Six months into this administration’s policy of naira devaluation, the rough edges of the measure have dented the health sector, as the high cost of medicines, too high to be afforded by low-income earners, has emerged as a serious social problem. A failed attempt by government to merge the so-called official and parallel foreign exchange markets has shot up the cost of the US dollar. A recent report by the Daily Trust newspaper indicated that the retail prices of pharmaceutical drugs, mostly imported from China, India, Pakistan, and parts of Europe, have skyrocketed by about 300 per cent, over and above the value of the naira, creating serious health crisis in the country.
This ugly trend was foreseen, but the authorities played the ostrich by pretending that the people would adjust to the consequences of its disastrous forex policy. Sensing that the cost of producing common medicines was made impossible by the difficulty in accessing forex at affordable rate, and considering the weakening purchasing power of the Nigerian public, several international pharmaceutical companies relocated their concerns from Nigeria to neighbouring countries.
Companies like GlaxoSmithKline (GSK), thought to be rooted in the Nigerian health sector for decades, shut down its operations. Unilever Nigeria changed its business model by ceasing to produce homecare products, among them pharmaceutical drugs. Even the few other local pharmaceutical firms still operating in the country have huge financial barriers, due to the high cost of importing Active Pharmaceutical Ingredients (APIs), epileptic power supply, general inflationary trend and the forex crisis.
The predicament facing the country today is the consequence of the lack of long-term plan for the health sector. The existing government-funded primary, secondary and tertiary health sectors have since been reduced to consulting clinics, as patients have to make out-of-pocket purchases for medicines. No responsible leadership leaves its healthcare to chance; they put in place structures for research and manufacturing of critical pharmaceutical medicines for their citizens. Even Third World countries like India, Pakistan, Indonesia, Malaysia, South Korea, Taiwan… have laid the solid foundation for the manufacture, distribution and availability of essential medicines for local consumption and export. But not Nigeria.
The situation in Nigeria, in spite of its potential to become an exporter of medicines, is the reverse, as the country is almost a net importer of essential medicines. If there were a solid local production arrangement, the forex policy shouldn’t have created the kind of upset Nigerians as exposed to in the aftermath of the devaluation of the naira.
Now, the people are at the mercy of peddlers of substandard or fake medicines and the dangerous but ubiquitous herbal solutions to all kinds of ailments being sold from rural communities to urban centres. The predicament has created a boost for these killer dealers in medicines who are even emboldened by the fact that regulatory agencies are either in bed with them or have gone to sleep on their responsibilities. The people are left to their fate.
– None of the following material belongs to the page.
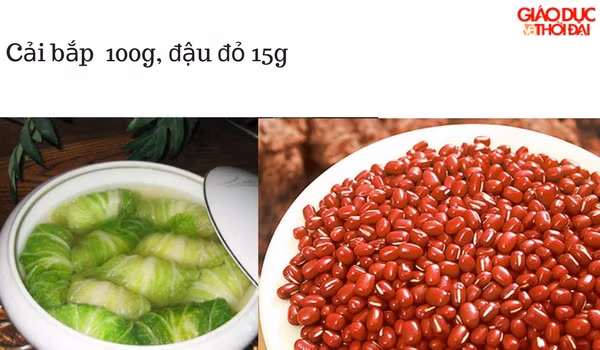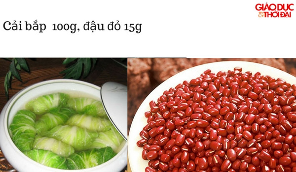 6. Canh cải bắp, đậu đỏ: Cải bắp rửa sạch, cắt khúc, đậu đỏ ngâm nước rửa sạch. Gừng, hành thái lát, sau đó phi thơm đổ nước vào bỏ đậu ninh khoảng 40 phút sau đó cho rau bắp cải vào. Mỗi ngàu ăn 1 lần.

Healthcare is very critical to the survival of the society. Therefore, the Bola Ahmed Tinubu administration must not throw up its arms and expect the confusion to settle without strategic interventions. First, we call on government to make provisions for a special fund to support local manufacturers of essential drugs. They could be given loans and advances at, perhaps, a single-digit interest rate, to enable them import APIs, manufacture and sell the drugs to the Nigerian populace without being put under the pressure to repay to banks at the deadly double-digit interest rate.
Alternatively, we encourage government to revisit its decision on the collapse of the forex windows, by creating a special window for importers of essential raw materials for the manufacture of essential drugs. The government could also remove or reduce the tariff on importation of APIs and some essential drugs, in order to beat down the cost the final consumer pays on such medicines.
The Tinubu administration could also borrow a leaf from the Petroleum Trust Fund (PTF) approach during the military regime to healthcare. At that time, part of the gains that accrued to the government from the increase in the pump price of petrol was used to subsidize the cost of essential drugs at hospitals across the country. Under that arrangement, PTF, noticing the out-of-stock syndrome in Nigeria’s hospitals and clinics, called a meeting of stakeholders, among them pharmaceutical companies and the Manufacturers Association of Nigeria (MAN). The PTF identified the essential drugs, paid for their manufacture locally and bore the cost of distributing them across Nigeria, at almost no cost to the final consumer. The subsidy was a huge relief to the people, a measure that many reflect upon now with nostalgia.
This government could tinker with the provisions of the Procurement Act in order to embark on such an emergency measure to deal with the unaffordable cost of pharmaceutical drugs in the country. Without an urgent subsidy on medicines, the country will soon run into a serious crisis in the health sector.